The limitations associated with current bone grafting options have prompted the development of additional methods for augmenting bone repair, particularly in cases of large volume bone defects. Bone tissue engineering (BTE), aimed to regenerate new biological bone tissue similar to native bone tissue, is a rapidly advancing discipline in the field of regenerative medicine and tissue engineering techniques7. Classical BTE has three essential elements: seed cells, growth factors and bioactive scaffolds. Frequently, BTE is manipulated under in vitro conditions, such as in an in vitro bioreactor. To date, although tremendous advances for the construction of tissue-engineered bone have been observed, BTE has not considered the functional factors of a true regenerative microenvironment8. As a result, limited clinical success has been reported in clinical therapeutic studies of in vitro BTE.

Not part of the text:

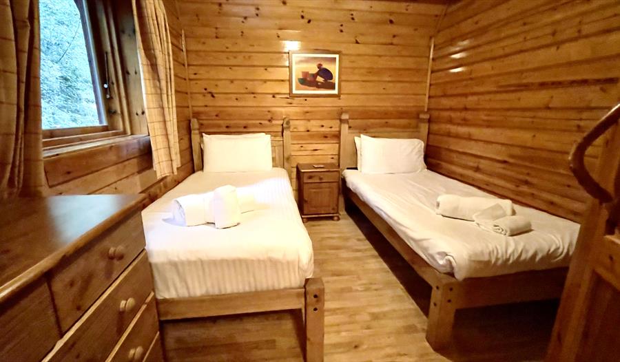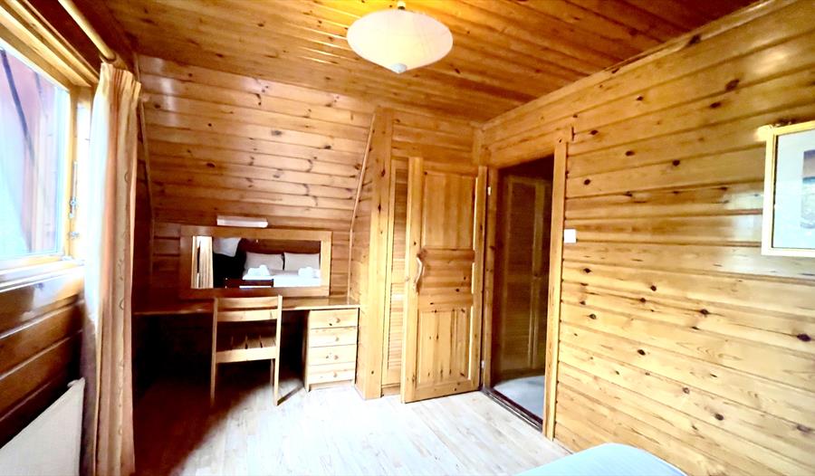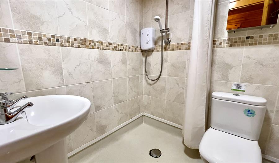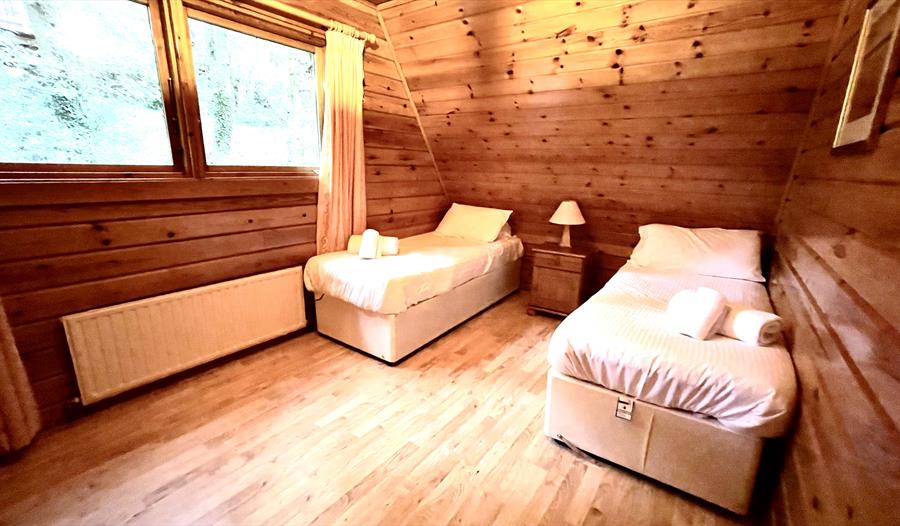 Welcome to Cowslip Lodge, nestled in the serene beauty of 130 acres of Devonshire countryside. Step inside the lodge through the inviting porch into a spacious hall, complete with a coat hanger and mirror. On the left-hand side, you'll find a cozy twin bedroom with two single beds, a wardrobe, cabinet, and a bedside unit. Across from the downstairs bedroom, there is a convenient shower room with a toilet, along with a separate secondary toilet.

Recently, in vivo bioreactors (IVBs), which are designed to mimic in vivo microenvironments, have been explored for the repair of large bone defects for clinical applications by using an in vivo BTE approach9. In vivo bioreactors are chambers or scaffolds implanted in an ectopic site in the body where ossified tissue can be grown in the bioreactor in predefined geometries. Local vessels are recruited, and composite tissues can be harvested for later transfer10. Many studies, including our previous study, have prefabricated large vascularized tissue engineered bones and have shown the feasibility of this in vivo bioreactor approach11,12,13.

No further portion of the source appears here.